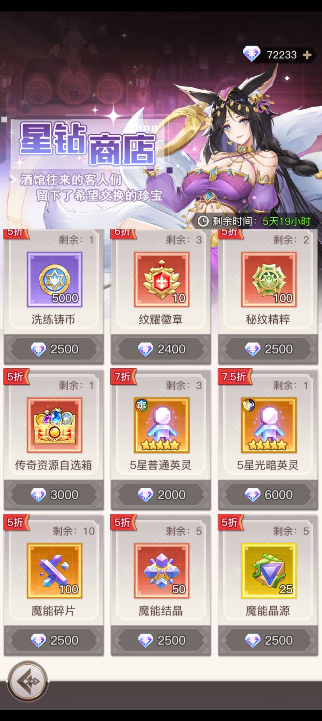 1,英雄召唤里面基本都是狗粮,千万不要用钻石去抽!实在要的话也是去商店刷新买6折的,大富翁里面的也有6折。 2,钻石除了每日拉满花园以外,有买特权的可以拉几次快速战斗追一些等级,低氪的最大目的还是留着抽限时召唤,不管限定还是普通的,至少抽这个是有保底一定拿到想要的! 3,钻石有富裕的,最大性价比是刷新每日商店100次。里面的界石5折的,金币的一些道具,3折的魔晶,等等有需要的东西,都是很划算的。 4
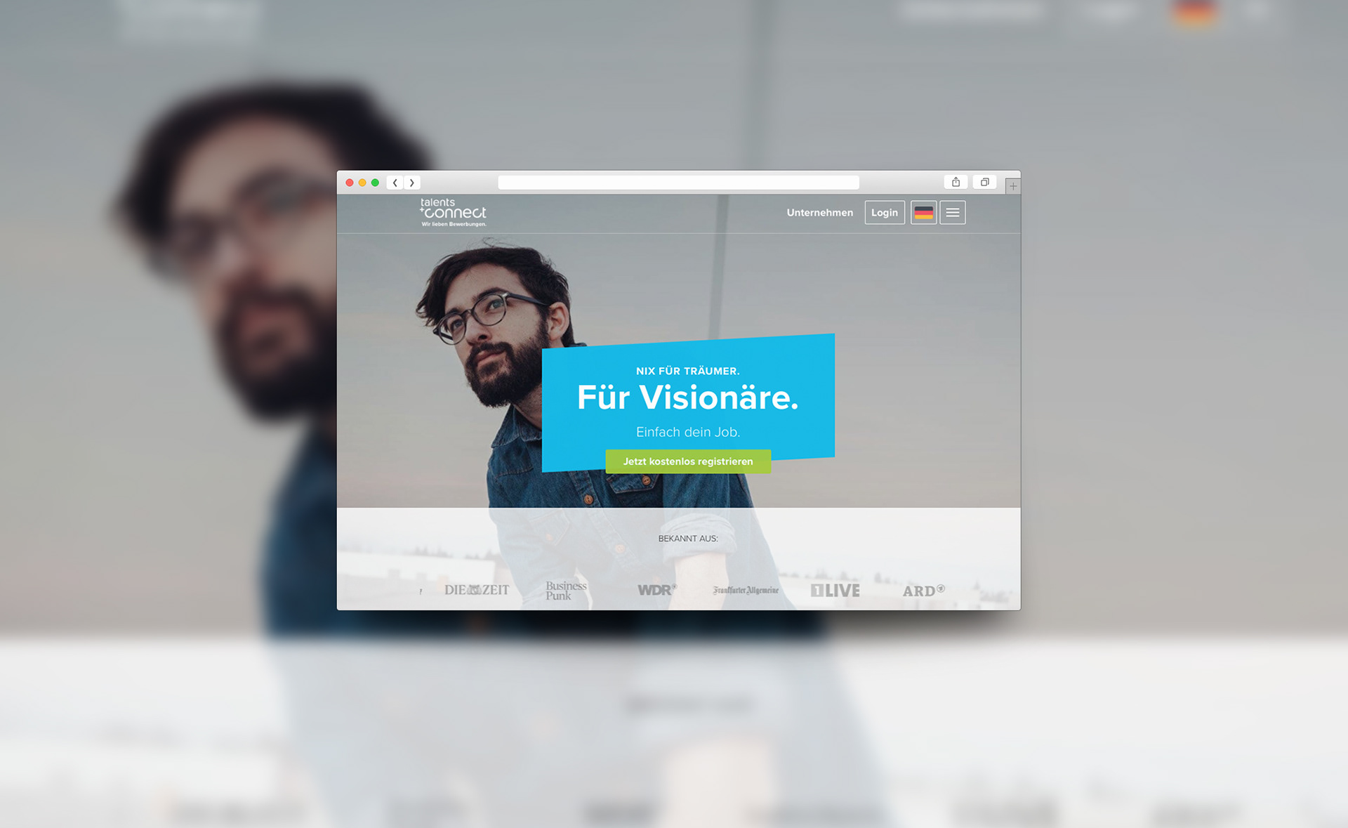 Corporate Design für das Kölner Start-Up „Talents Connect“. Entwicklung des Logos und der grundlegenden Gestaltungskonstanten. Konzeption und Umsetzung der Geschäftsdrucksachen, Vertriebsmaterialien und der Messepräsenz.
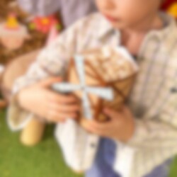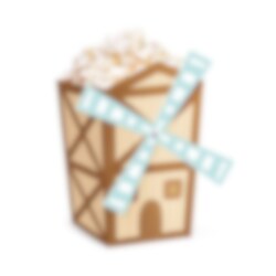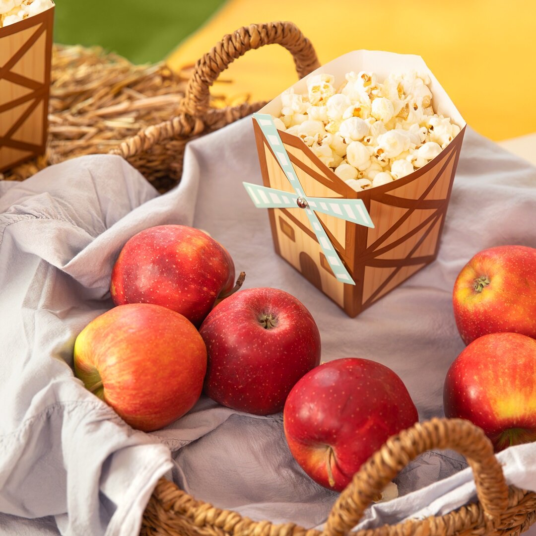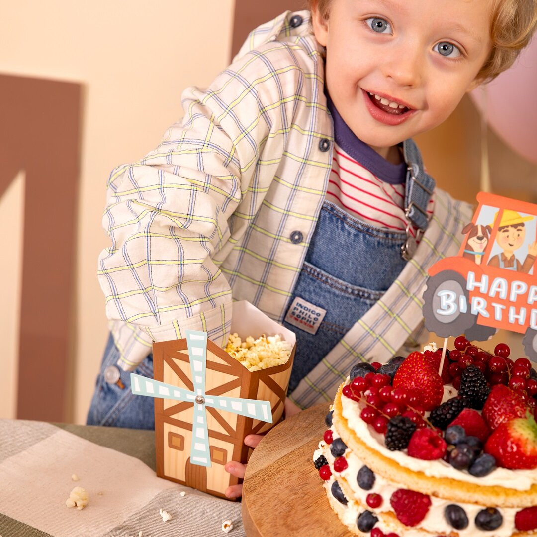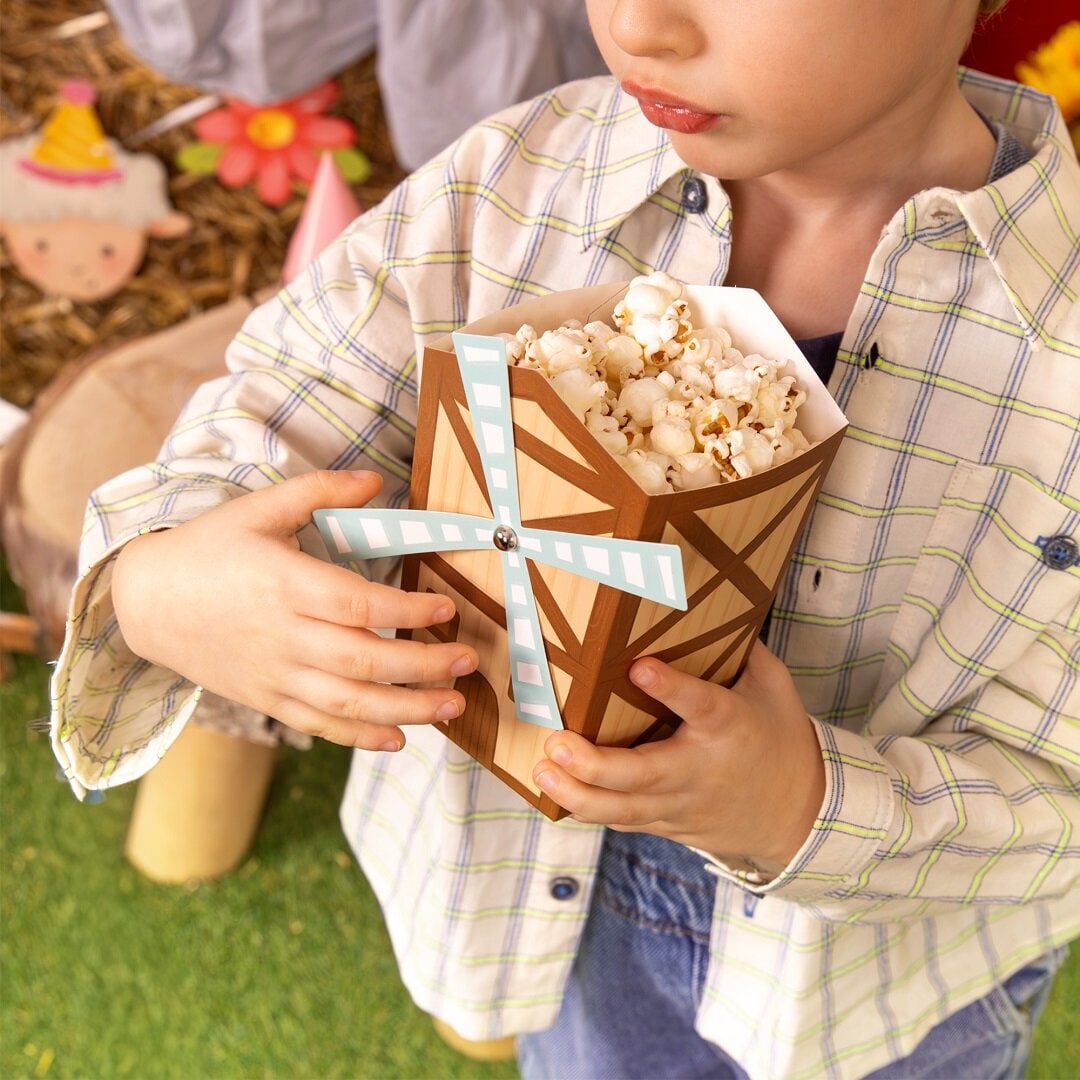 6 popcorn bakjes met boerderijthema die een speels en decoratief detail vormen op de feesttafel. De bakjes zijn gevormd als kleine molentjes en passen perfect bij een kinderfeestje met boerderijthema, terwijl ze het serveren extra leuk maken.
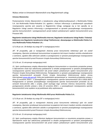 Wykaz zmian w Umowach Abonenckich oraz Regulaminach usług: Umowa Abonencka: Postanowienie Umów Abonenckich o świadczenie usług telekomunikacyjnych z Multimedia Polska S.A. lub Multimedia Polska-Południe S.A. zgodnie z którym informacja o polubownych sposobach rozwiązywania sporów jest zawarta w Regulaminie Usługi, zastępuje się w ten sposób, że w Regulamin Usługi zawiera informację o postępowaniach w sprawie pozasądowego rozwiązywania sporów konsumenckich i postępowaniach przed stałymi polubownymi sądami konsumenckimi przy Prezesie UKE. Regulamin świadczenia Usługi Multimedia Internet, Regulamin świadczenia Usługi Radia i Telewizji Kablowej oraz Regulamin świadczenia Usługi Telefonicznej obowiązujące w Multimedia Polska S.A. oraz Multimedia Polska-Południe S.A.: 1/ § 18 po ust. 20 dodaje się ustęp 201 o następującej treści: 201. W przypadku, gdy w następstwie złożonej przez konsumenta reklamacji spór nie został rozwiązany, Operator przekazuje konsumentowi na papierze lub innym trwałym nośniku oświadczenie o zamiarze, zgodzie albo odmowie udziału w postępowaniu w sprawie pozasądowego rozwiązywania sporów konsumenckich przed Prezesem Urzędu Komunikacji Elektronicznej. 2/ § 18 ust. 21 otrzymuje następującą treść: 21. Spór cywilnoprawny między Abonentem będącym konsumentem w rozumieniu przepisów prawa, a Operatorem może być zakończony polubownie w drodze postępowania w sprawie pozasądowego rozwiązywania sporów konsumenckich lub przed stałym polubownym sądem konsumenckim przy Prezesie Urzędu Komunikacji Elektronicznej. Postępowanie w sprawie pozasądowego rozwiązywania sporów konsumenckich prowadzi Prezes Urzędu Komunikacji Elektronicznej (adres strony internetowej www.uke.gov.pl), który jest podmiotem uprawnionym w rozumieniu przepisów ustawy z dnia 23 września 2016 r. o pozasądowym rozwiązywaniu sporów konsumenckich (Dz.U.2016.1823). Postępowanie w sprawie pozasądowego rozwiązywania sporów konsumenckich prowadzi się na wniosek konsumenta albo z urzędu, jeżeli wymaga tego ochrona interesu konsumenta. Zasady postępowania określa ustawa z dnia 23 września 2016 r. o pozasądowym rozwiązywaniu sporów konsumenckich oraz wydane na jej podstawie akty wykonawcze. Regulamin świadczenia Usługi Multimedia WLR przez Multimedia Polska S.A.: 1/ § 18 po ust. 20 dodaje się ustęp 201 o następującej treści: 201. W przypadku, gdy w następstwie złożonej przez konsumenta reklamacji spór nie został rozwiązany, Operator przekazuje konsumentowi na papierze lub innym trwałym nośniku oświadczenie o zamiarze, zgodzie albo odmowie udziału w postępowaniu w sprawie pozasądowego rozwiązywania sporów konsumenckich przed Prezesem Urzędu Komunikacji Elektronicznej. 2/ § 18 ust. 21 otrzymuje następującą treść: 21. Spór cywilnoprawny między Klientem będącym konsumentem w rozumieniu przepisów prawa, a Operatorem może być zakończony polubownie w drodze postępowania w sprawie pozasądowego rozwiązywania sporów konsumenckich lub przed stałym polubownym sądem konsumenckim przy Prezesie Urzędu Komunikacji Elektronicznej. Postępowanie w sprawie pozasądowego rozwiązywania sporów konsumenckich prowadzi Prezes Urzędu Komunikacji Elektronicznej (adres strony internetowej www.uke.gov.pl), który jest podmiotem uprawnionym w rozumieniu przepisów ustawy z dnia 23 września 2016 r. o pozasądowym rozwiązywaniu sporów konsumenckich (Dz.U.2016.1823). Postępowanie w sprawie pozasądowego rozwiązywania sporów konsumenckich prowadzi się na wniosek konsumenta albo z urzędu, jeżeli wymaga tego ochrona interesu konsumenta. Zasady postępowania określa ustawa z dnia 23 września 2016 r. o pozasądowym rozwiązywaniu sporów konsumenckich oraz wydane na jej podstawie akty wykonawcze. Regulamin świadczenia Usługi Multimedia NDS przez Multimedia Polska S.A.: 1/ § 18 po ust. 20 dodaje się ustęp 201 o następującej treści: 201. W przypadku, gdy w następstwie złożonej przez konsumenta reklamacji spór nie został rozwiązany, Operator przekazuje konsumentowi na papierze lub innym trwałym nośniku oświadczenie o zamiarze, zgodzie albo odmowie udziału w postępowaniu w sprawie pozasądowego rozwiązywania sporów konsumenckich przed Prezesem Urzędu Komunikacji Elektronicznej. 2/ § 18 ust. 21 otrzymuje następującą treść: 21. Spór cywilnoprawny między Abonentem będącym konsumentem w rozumieniu przepisów prawa, a Operatorem może być zakończony polubownie w drodze postępowania w sprawie pozasądowego rozwiązywania sporów konsumenckich lub przed stałym polubownym sądem konsumenckim przy Prezesie Urzędu Komunikacji Elektronicznej. Postępowanie w sprawie pozasądowego rozwiązywania sporów konsumenckich prowadzi Prezes Urzędu Komunikacji Elektronicznej (adres strony internetowej www.uke.gov.pl), który jest podmiotem uprawnionym w rozumieniu przepisów ustawy z dnia 23 września 2016 r. o pozasądowym rozwiązywaniu sporów konsumenckich (Dz.U.2016.1823). Postępowanie w sprawie pozasądowego rozwiązywania sporów konsumenckich prowadzi się na wniosek konsumenta albo z urzędu, jeżeli wymaga tego ochrona interesu konsumenta. Zasady postępowania określa ustawa z dnia 23 września 2016 r. o pozasądowym rozwiązywaniu sporów konsumenckich oraz wydane na jej podstawie akty wykonawcze. Regulamin świadczenia Usługi Telefonii Komórkowej multiMOBILE obowiązujący w Multimedia Polska S.A. oraz Multimedia Polska-Południe S.A.: 1/ § 17 po ust. 20 dodaje się ustęp 201 o następującej treści: 201. W przypadku, gdy w następstwie złożonej przez konsumenta reklamacji spór nie został rozwiązany, Operator przekazuje konsumentowi na papierze lub innym trwałym nośniku oświadczenie o zamiarze, zgodzie albo odmowie udziału w postępowaniu w sprawie pozasądowego rozwiązywania sporów konsumenckich przed Prezesem Urzędu Komunikacji Elektronicznej. 2/ § 17 ust. 21 otrzymuj
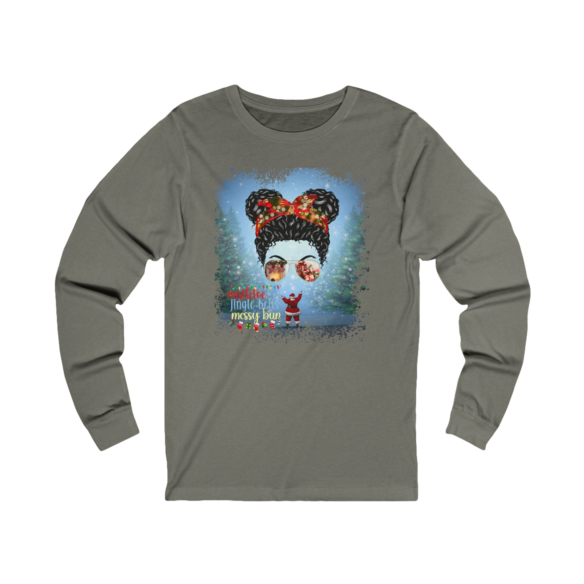 Messy Bun Santa, Black Hair Messy Bun, Unisex Jersey Long Sleeve Tee
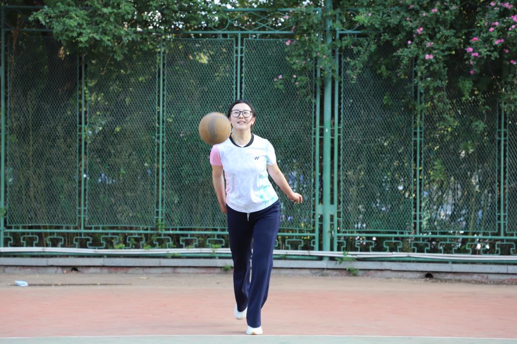 清晨,天边泛着鱼肚白,何颖已经换上运动服,站在排球队伍的最前方。“调整呼吸,跟着节奏!”她步伐轻盈,带领队员进行慢跑热身。晨风掠过发梢,她的目光始终关注着队伍——谁脚步乱了,谁需要鼓励。这条跑道,像极了她的日常:用耐心陪伴,为学生的成长蓄力。

+++++

ABOUT THIS EXERCISE - Where the line containing "Messy Bun Santa, Black" appears, begin copying there and continue exactly through the final line of the records; both end lines belong in the copy, pictures do not.

REPLY TO THE EXERCISE -
 Messy Bun Santa, Black Hair Messy Bun, Unisex Jersey Long Sleeve Tee
 清晨,天边泛着鱼肚白,何颖已经换上运动服,站在排球队伍的最前方。“调整呼吸,跟着节奏!”她步伐轻盈,带领队员进行慢跑热身。晨风掠过发梢,她的目光始终关注着队伍——谁脚步乱了,谁需要鼓励。这条跑道,像极了她的日常:用耐心陪伴,为学生的成长蓄力。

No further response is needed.